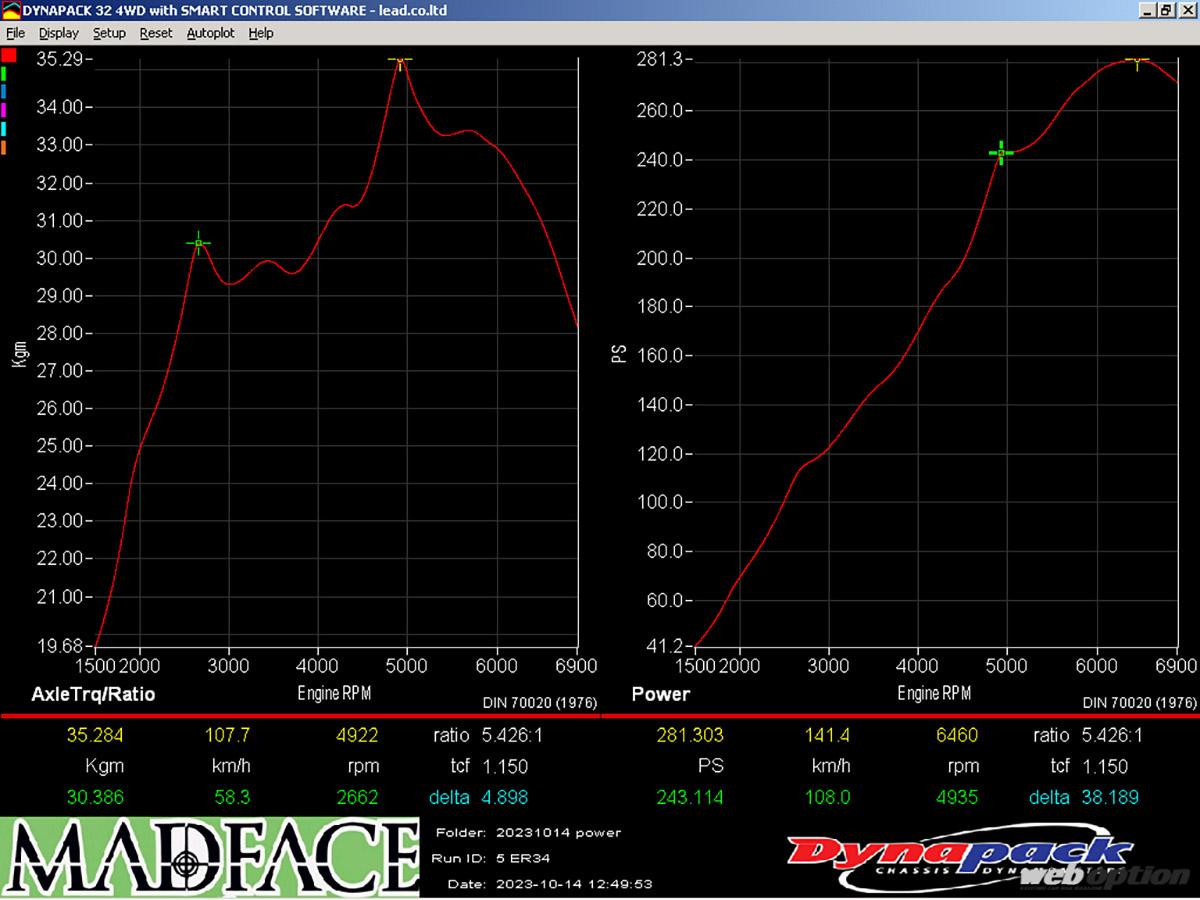 計測結果:281.3ps&35.3kgm
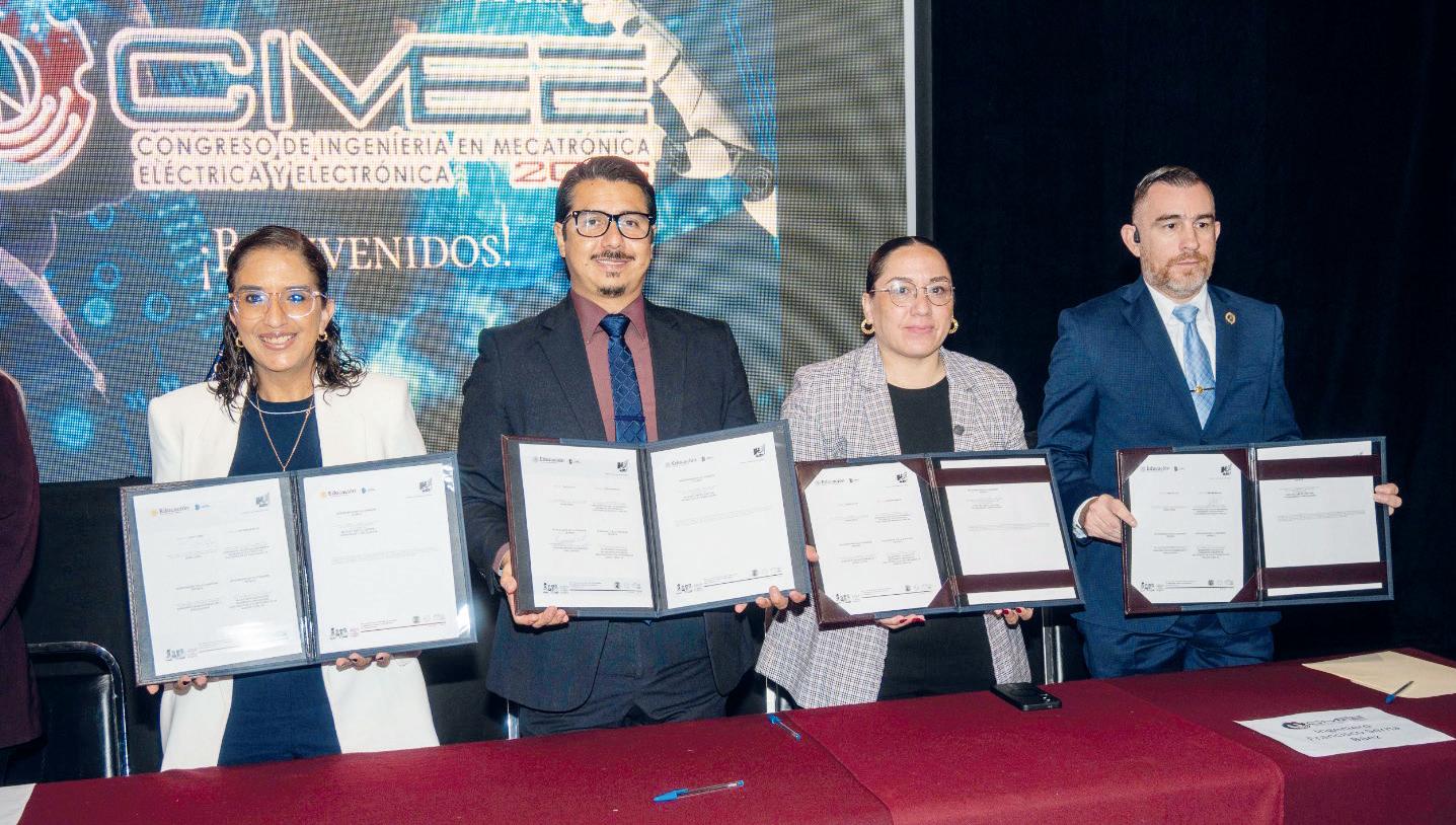 Ania Sánchez, acompañada de la subdirectora académica, Tere Borrego Jiménez; el subdirector de Planeación y Vinculación, Ricardo Martínez Alvarado, y el subdirector de Servicios Administrativos, Emmanuel Flores Villa. Como invitados especiales, se dieron cita el asesor facultativo del evento, Javier de la Peña Martínez, así como Sofía Ortiz Flores, presidenta del CESA, además de los responsables de la organización: Bernardo Farías, presidente del capítulo estudiantil de Electrónica, junto con su equipo de trabajo, así como el asesor facultativo de Electrónica, Pedro Quintanilla Contreras. Asimismo, Eduardo Ramírez Martínez, presidente del capítulo estudiantil de Mecatrónica y su equipo de trabajo, con sus asesoras, Ana Gabriela Gómez Muñoz y Karla Ivonne Fernández Ramírez.
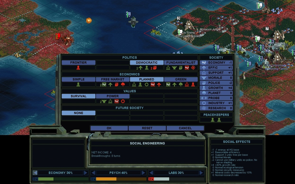 MY 2277.  War averted.  I have a new terraforming tactic for this stage of the game!  Ordinarily by now, I'd have all these forests and food and minerals and mines and stuff.  This time I don't.  So instead of building mines on rocky outcroppings, I'm building Condensers.  When they are near a sufficient number of farms, of course.  This way I can get various bases closer to size 16 without needing Advanced Ecological Engineering.  Which I would have long since had by now, if I hadn't been doing this Planned continual warfare thing.
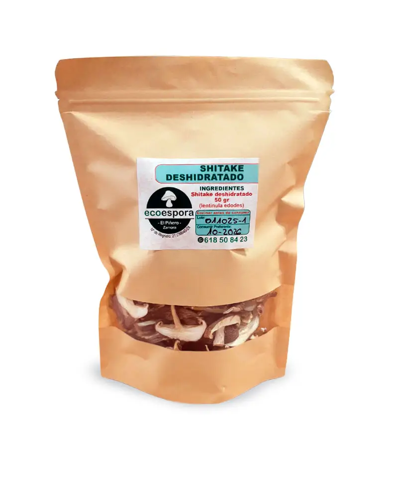 Shiitake procedente de un pequeño cultivo sostenible; deshidratadas a muy baja temperatura para que conserva todas las propiedades, textura y sabor.
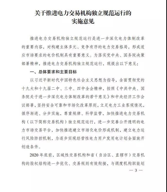 國家發(fā)展改革委 國家能源局印發(fā)《關(guān)于推進(jìn)電力交易機(jī)構(gòu)獨(dú)立規(guī)范運(yùn)行的實(shí)施意見》的通知
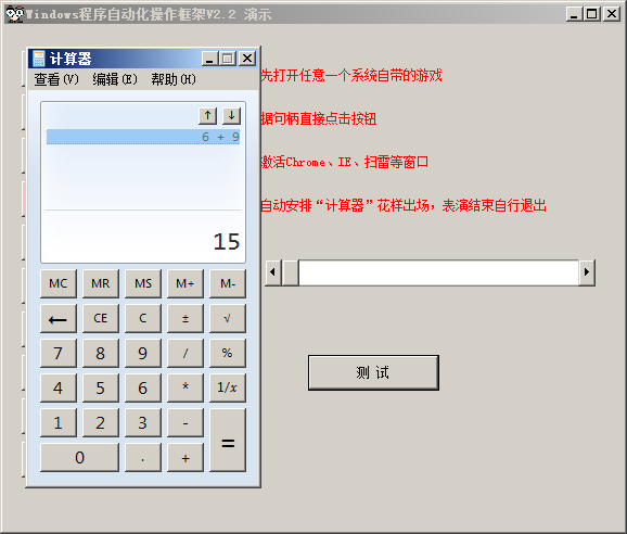 > 说明:直接运行下面代码即可,效果为软件自动调用计算器,然后计算6+9的结果:
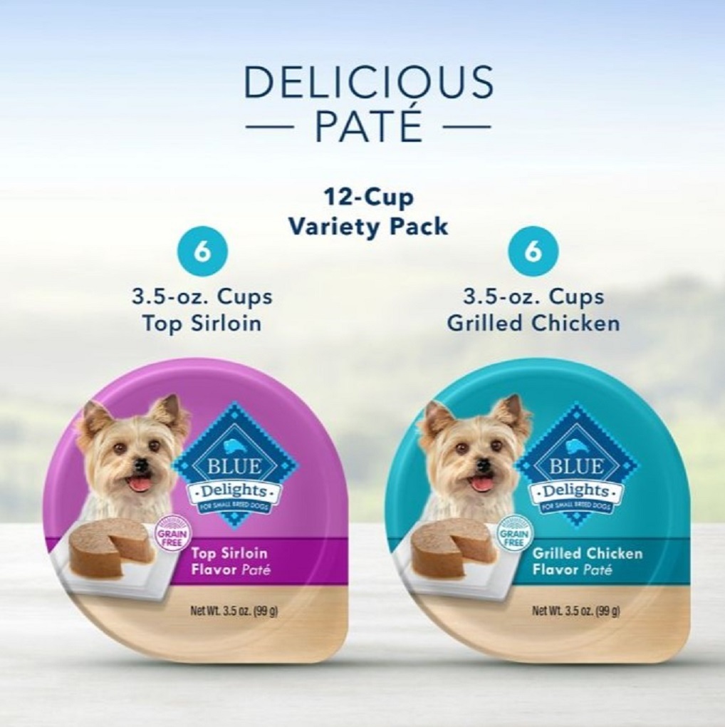 REAL BEEF OR CHICKEN FIRST: This grain-free wet dog food features high-quality protein from real beef or chicken to promote healthy muscle maintenance while supporting the higher energy needs of small-breed dogs SINGLE SERVING MEALS: BLUE Delights small breed adult dog foods are perfectly portioned for smaller dogs making them easy and convenient to serve NATURAL DOG FOOD: All BLUE dog foods are made with the finest natural ingredients and enhanced with vitamins and minerals WHOLESOME INGREDIENTS: BLUE wet dog food contains NO chicken (or poultry) by-product meals, NO corn, wheat (a common thickening agent used by other brands), or soy, and NO artificial flavors or preservatives Contains one (1) variety pack of BLUE Delights Natural Adult Small Breed Wet Dog Food Cups, Top Sirloin Flavor in Savory Juice, and Grilled Chicken Flavor in Savory Juice 3.5 oz. (12pack- 6 of each flavor)
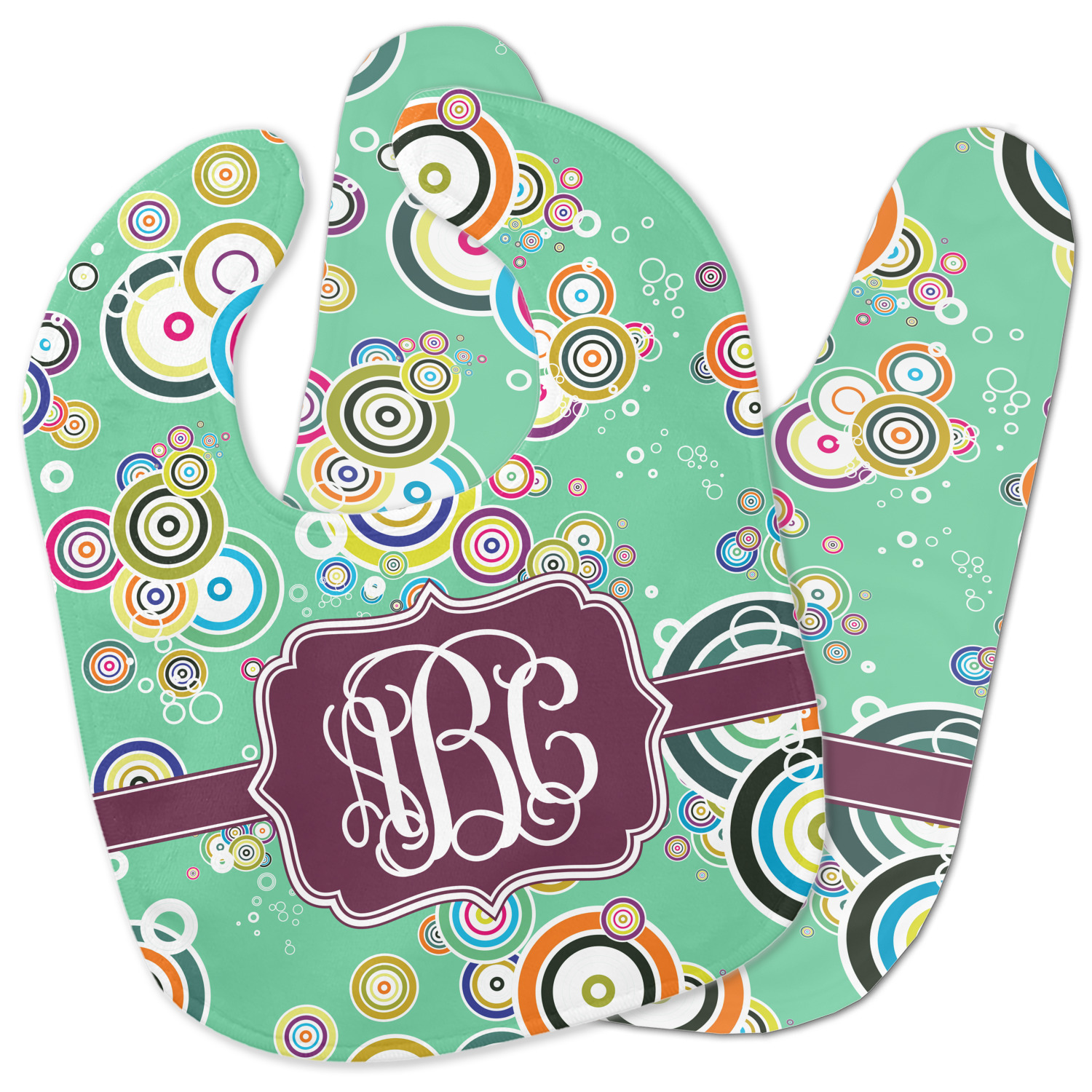 Made of soft polyester, each customizable bib hugs comfortably around the neck to catch every drip and drool. Each bib design is printed with baby-safe ink and finished with a secure stitch pattern and velcro clasp. We carry two customizable bib styles -Microfiber Velour and Jersey Knit.
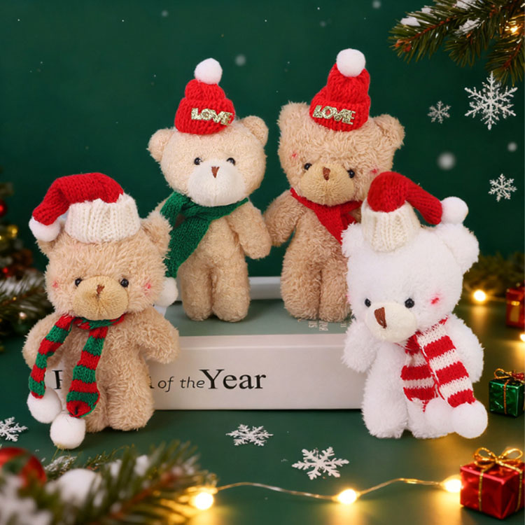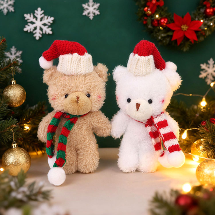 Este brinquedo de pelúcia de Natal está na forma de um ursinho de pelúcia, possui dois materiais diferentes, ou seja, luxuosos e lã de pelúcia. O pêlo do velo de pelúcia é levemente encaracolado. Ambos os materiais têm uma textura suave e macia e são muito leves. O urso de lã de pelúcia vem em duas cores: marrom claro e marrom escuro. O urso de pelúcia também tem duas cores: marrom e branco. Cada urso é emparelhado com um lenço diferente, e cada urso está usando um chapéu de Natal vermelho, adicionando um toque festivo. Os lenços e chapéus dos ursos são tricotados e são decorados com pompoms brancos, parecendo muito delicados. Os olhos do urso são pretos e suas bochechas são pontilhadas de blush, tornando -o muito fofo. Sua aparência ganhou o amor de muitos clientes.
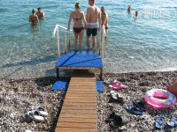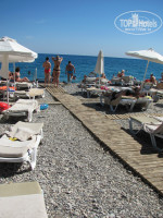 Пляж. Очень тесный, но это тоже мы знали, конечно. Сам пляж... это не галька... булыжники) В общем ходить больно без специальной обуви. Лежаков иногда (редко) свободных не было вообще, но т.к. вставали мы рано, с этим проблем не было. В волейбол играют прямо возле отдыхающих, мяч периодически прилетал в головы. В сам волейбол вообще не понимаю, как играли, куча камней, один парень порезал ногу.
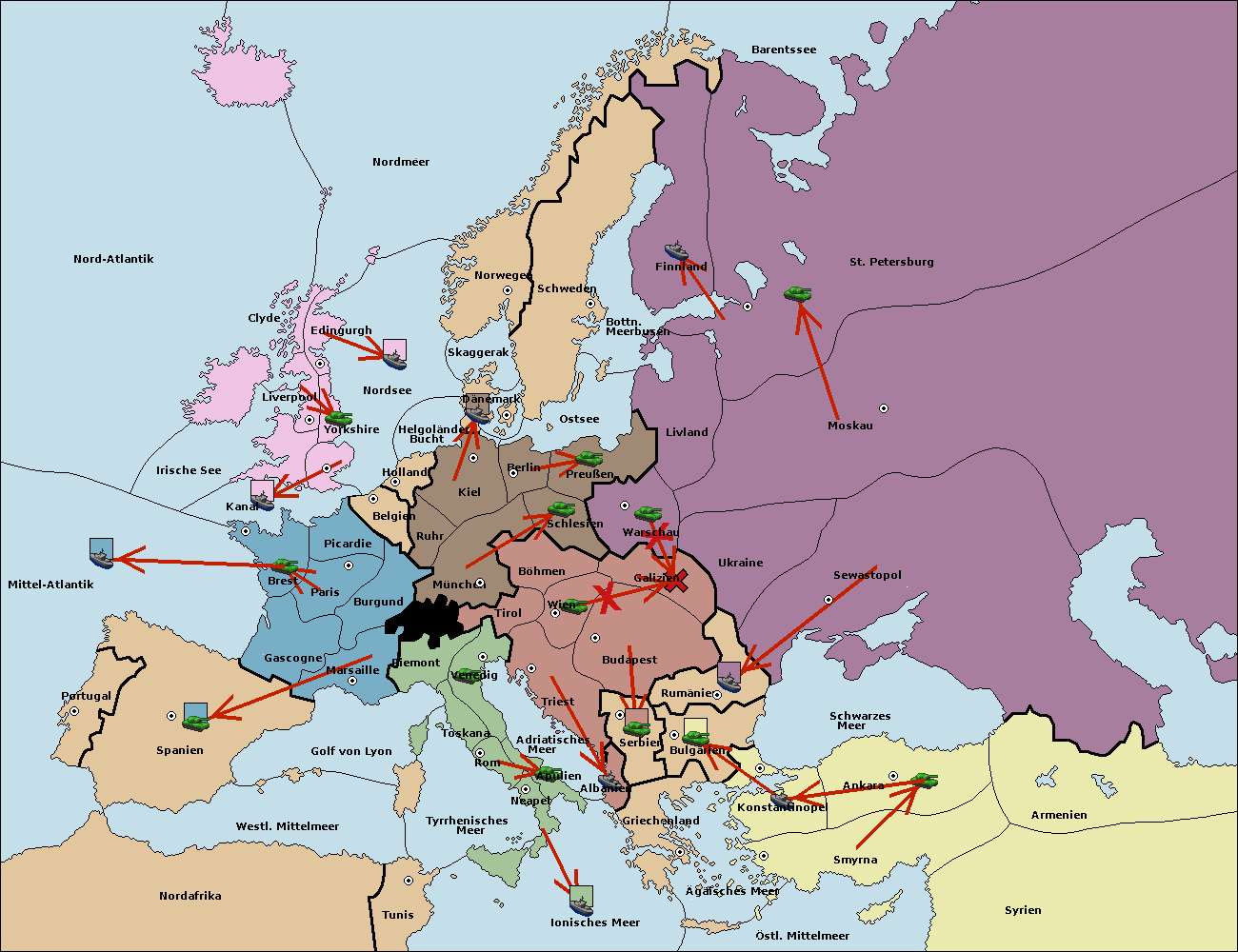 • Die Armee in Konstantinopel support hold nach Bulgarien.

******

§ **Task item**
Each line, from the beginning of the listing to the line bearing "Shiitake procedente de" inclusive, should be copied exactly; the pictures stay out.

§ **Solved exercise**
 計測結果:281.3ps&35.3kgm
 Ania Sánchez, acompañada de la subdirectora académica, Tere Borrego Jiménez; el subdirector de Planeación y Vinculación, Ricardo Martínez Alvarado, y el subdirector de Servicios Administrativos, Emmanuel Flores Villa. Como invitados especiales, se dieron cita el asesor facultativo del evento, Javier de la Peña Martínez, así como Sofía Ortiz Flores, presidenta del CESA, además de los responsables de la organización: Bernardo Farías, presidente del capítulo estudiantil de Electrónica, junto con su equipo de trabajo, así como el asesor facultativo de Electrónica, Pedro Quintanilla Contreras. Asimismo, Eduardo Ramírez Martínez, presidente del capítulo estudiantil de Mecatrónica y su equipo de trabajo, con sus asesoras, Ana Gabriela Gómez Muñoz y Karla Ivonne Fernández Ramírez.
 MY 2277.  War averted.  I have a new terraforming tactic for this stage of the game!  Ordinarily by now, I'd have all these forests and food and minerals and mines and stuff.  This time I don't.  So instead of building mines on rocky outcroppings, I'm building Condensers.  When they are near a sufficient number of farms, of course.  This way I can get various bases closer to size 16 without needing Advanced Ecological Engineering.  Which I would have long since had by now, if I hadn't been doing this Planned continual warfare thing.
 Shiitake procedente de un pequeño cultivo sostenible; deshidratadas a muy baja temperatura para que conserva todas las propiedades, textura y sabor.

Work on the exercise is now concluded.